*DATA BLOCK*:

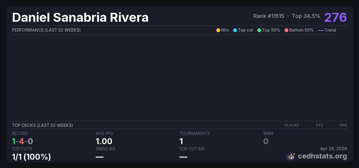 | Tournament | Deck | Result | Record | PPG | Points ? |
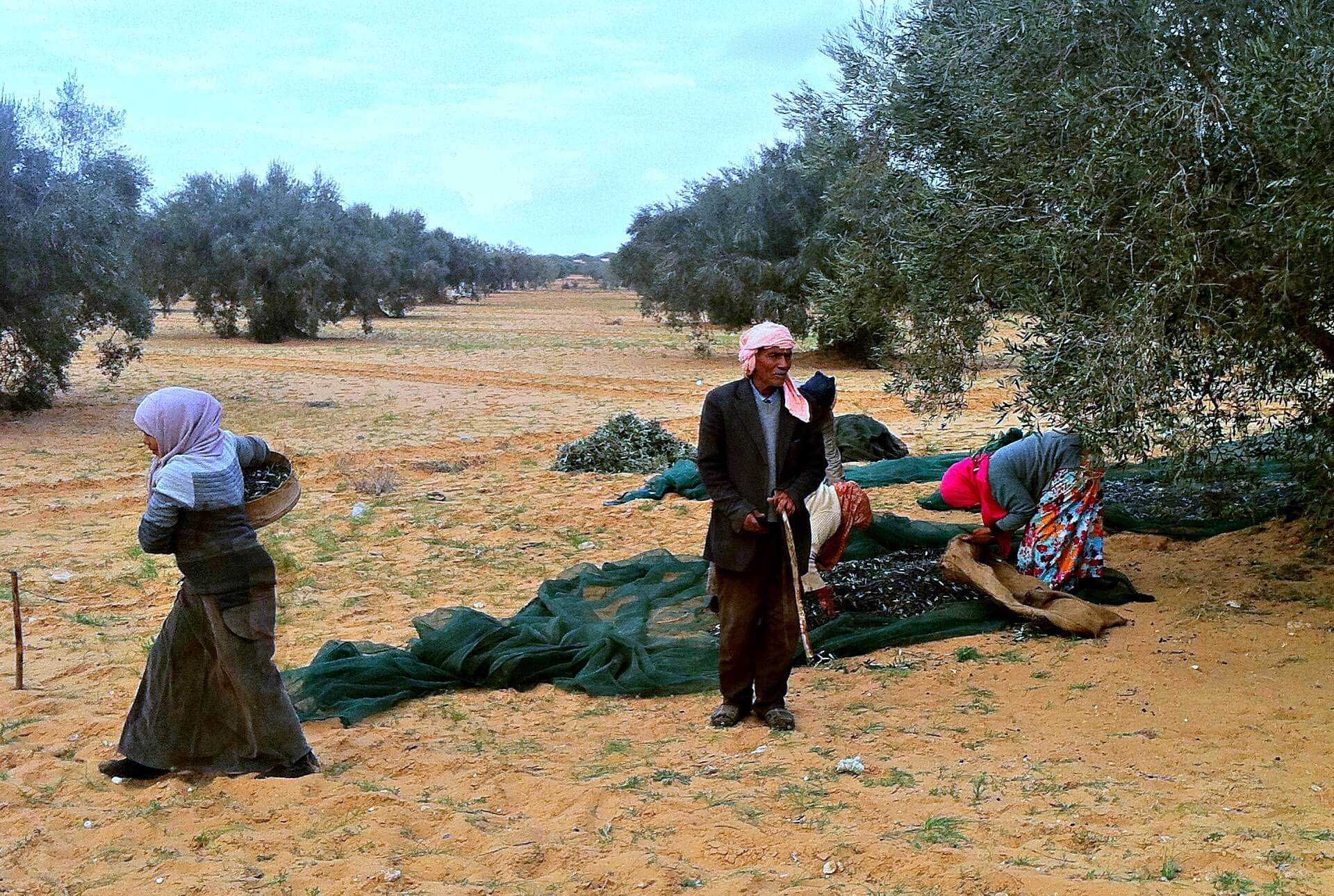 Similar scenes are found throughout Tunisia, where families spend months slowly picking olives from the nation’s millions of trees. They stop at mid-day to eat and make pots of tea on fires.
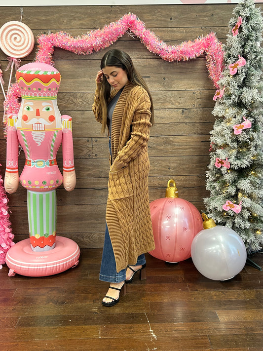 Long Cable Cardigan Brown

*EXERCISE AIM*: Everything above except the pictures needs to be reproduced exactly.

*TASK OUTPUT*:
 | Tournament | Deck | Result | Record | PPG | Points ? |
 Similar scenes are found throughout Tunisia, where families spend months slowly picking olives from the nation’s millions of trees. They stop at mid-day to eat and make pots of tea on fires.
 Long Cable Cardigan Brown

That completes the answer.